[Dataset content]

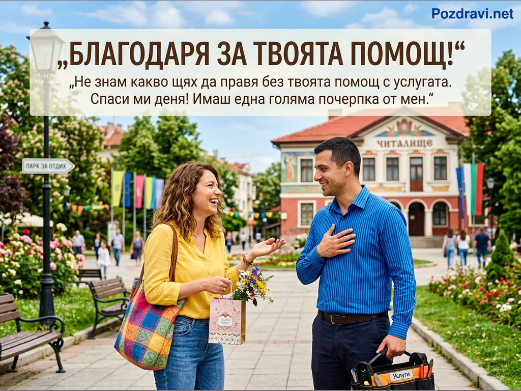 Снимката показва усмихната жена, която благодари на мъж в оживена градска среда. Жената, облечена в жълта блуза, държи подаръчна торбичка с цветя и носи цветна чанта, докато мъжът, с раирана синя риза, държи чанта с инструменти, обозначена като 'Услуги'. Те стоят на алея с пейки и цветни лехи, а на заден план се вижда сграда с надпис 'ЧИТАЛИЩЕ' и български знамена. Над тях е изписано послание за благодарност: 'БЛАГОДАРЯ ЗА ТВОЯТА ПОМОЩ! Не знам какво щях да правя без твоята помощ с услугата. Спаси ми деня! Имаш една голяма почерпка от мен.' Сцената излъчва позитивно взаимодействие и признателност за извършена услуга.
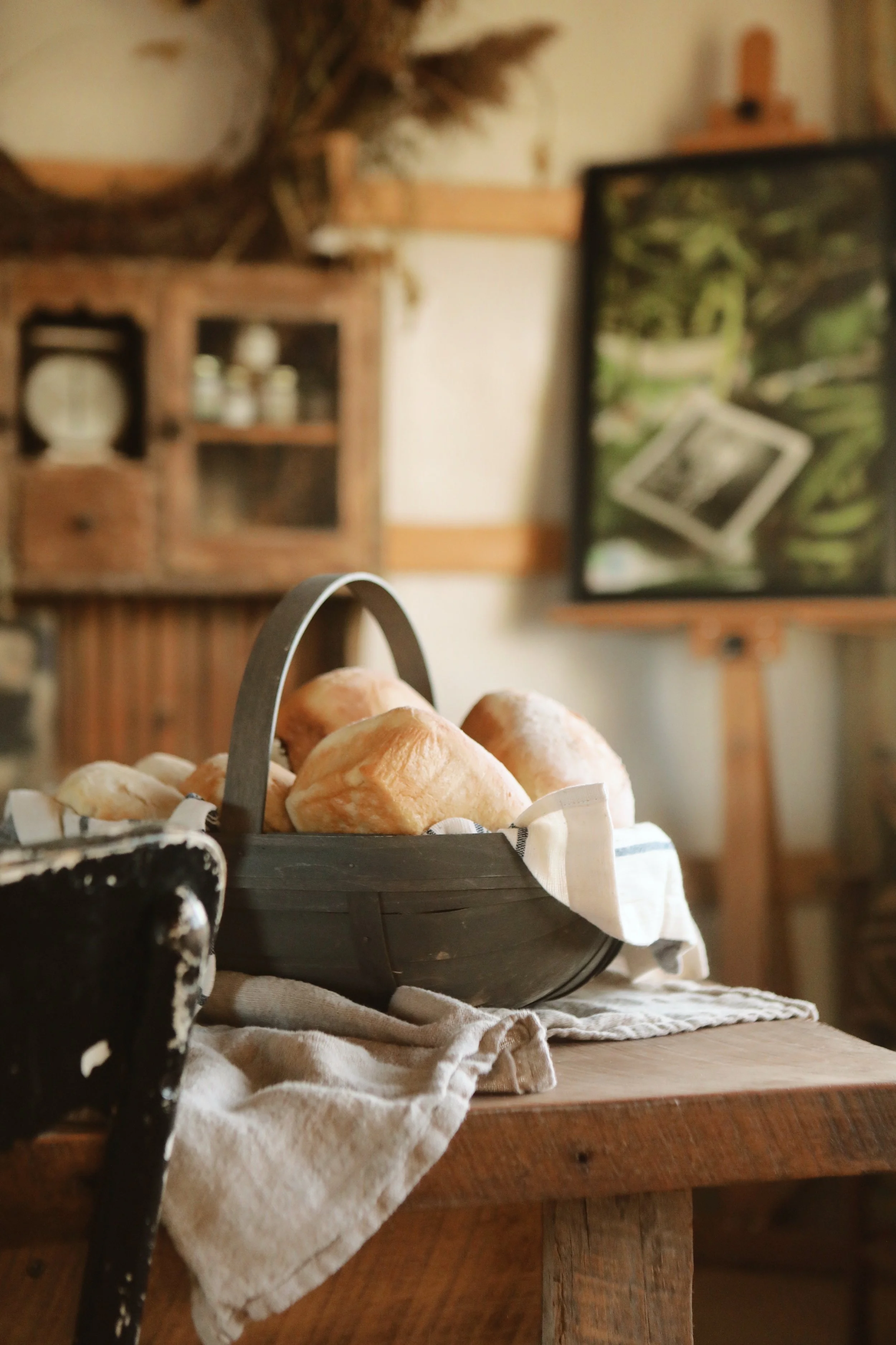 The home is a Federal style wood structure like how they built in New England. Brian and Gina still have many of the original windows and floors. A son of the original owners won a gold medal at the World’s Fair in Chicago for his invention of the Maple Syrup Evaporator. They used the syrup as a sweeter as sugar was costly at the time. There were six barns on the property originally and now the Bishops are down to one just behind the house. Over the years Gina has frequently hosted barn sales in the barn. As the smallest barn on the original property it was likely to have been used for carriages. The barn is at least 100 years old and it’s petite size and charm have been the perfect space for Gina to create in.
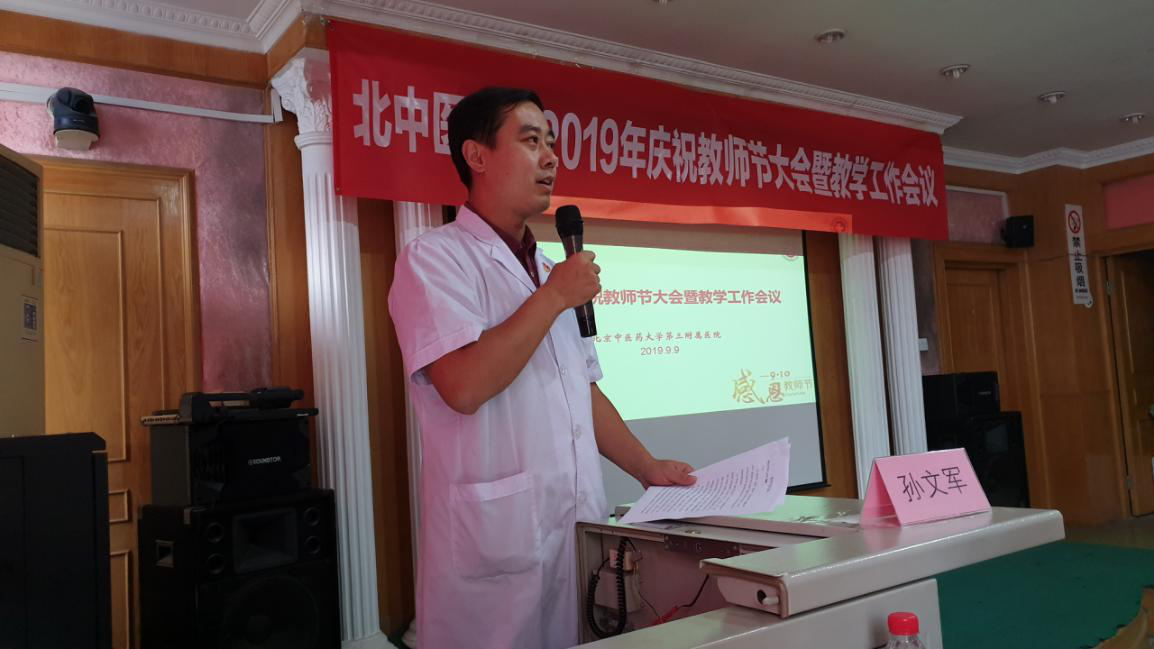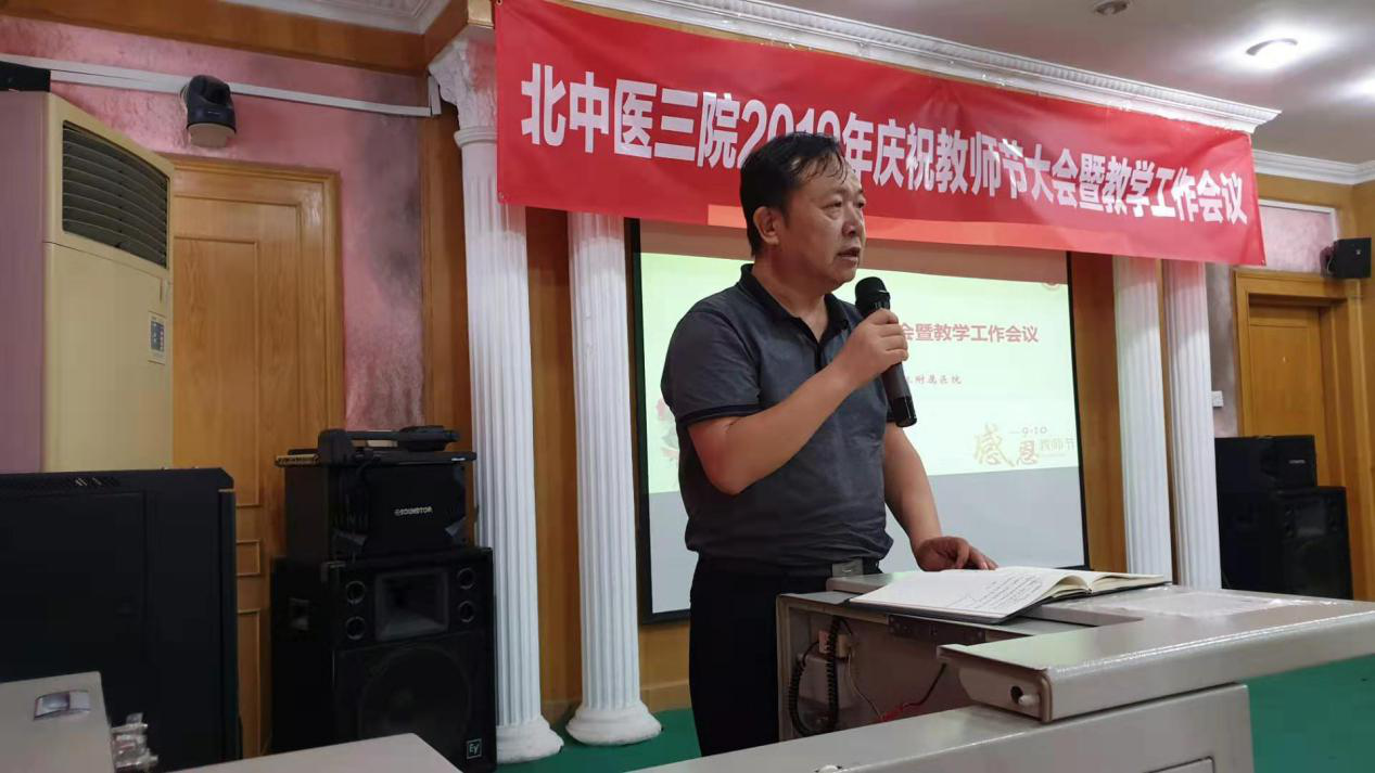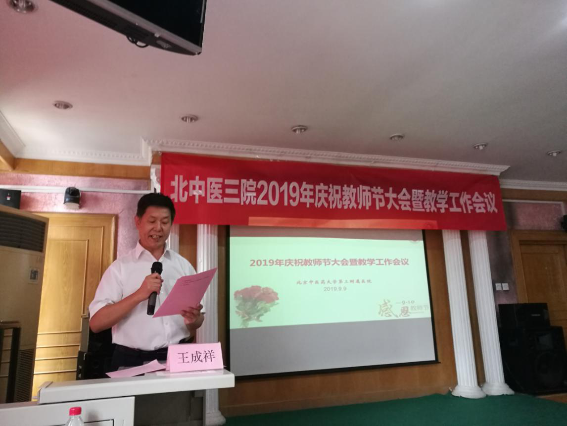首先由王成祥院长致辞,王院长向各位教师致以节日的问候,同时表示民族的复兴与教育事业息息相关,而教育事业中教师是重中之重,我院教师不仅仅肩负教书育人的使命,同时又担负着治病救人的责任,肩上的担子沉重而伟大,希望我院教师能够砥砺前行再创辉煌。

[/Dataset content]

- Task item -
Omit every picture, then repeat the remaining data exactly as it appears above.

- The completed task -
 Снимката показва усмихната жена, която благодари на мъж в оживена градска среда. Жената, облечена в жълта блуза, държи подаръчна торбичка с цветя и носи цветна чанта, докато мъжът, с раирана синя риза, държи чанта с инструменти, обозначена като 'Услуги'. Те стоят на алея с пейки и цветни лехи, а на заден план се вижда сграда с надпис 'ЧИТАЛИЩЕ' и български знамена. Над тях е изписано послание за благодарност: 'БЛАГОДАРЯ ЗА ТВОЯТА ПОМОЩ! Не знам какво щях да правя без твоята помощ с услугата. Спаси ми деня! Имаш една голяма почерпка от мен.' Сцената излъчва позитивно взаимодействие и признателност за извършена услуга.
 The home is a Federal style wood structure like how they built in New England. Brian and Gina still have many of the original windows and floors. A son of the original owners won a gold medal at the World’s Fair in Chicago for his invention of the Maple Syrup Evaporator. They used the syrup as a sweeter as sugar was costly at the time. There were six barns on the property originally and now the Bishops are down to one just behind the house. Over the years Gina has frequently hosted barn sales in the barn. As the smallest barn on the original property it was likely to have been used for carriages. The barn is at least 100 years old and it’s petite size and charm have been the perfect space for Gina to create in.
首先由王成祥院长致辞,王院长向各位教师致以节日的问候,同时表示民族的复兴与教育事业息息相关,而教育事业中教师是重中之重,我院教师不仅仅肩负教书育人的使命,同时又担负着治病救人的责任,肩上的担子沉重而伟大,希望我院教师能够砥砺前行再创辉煌。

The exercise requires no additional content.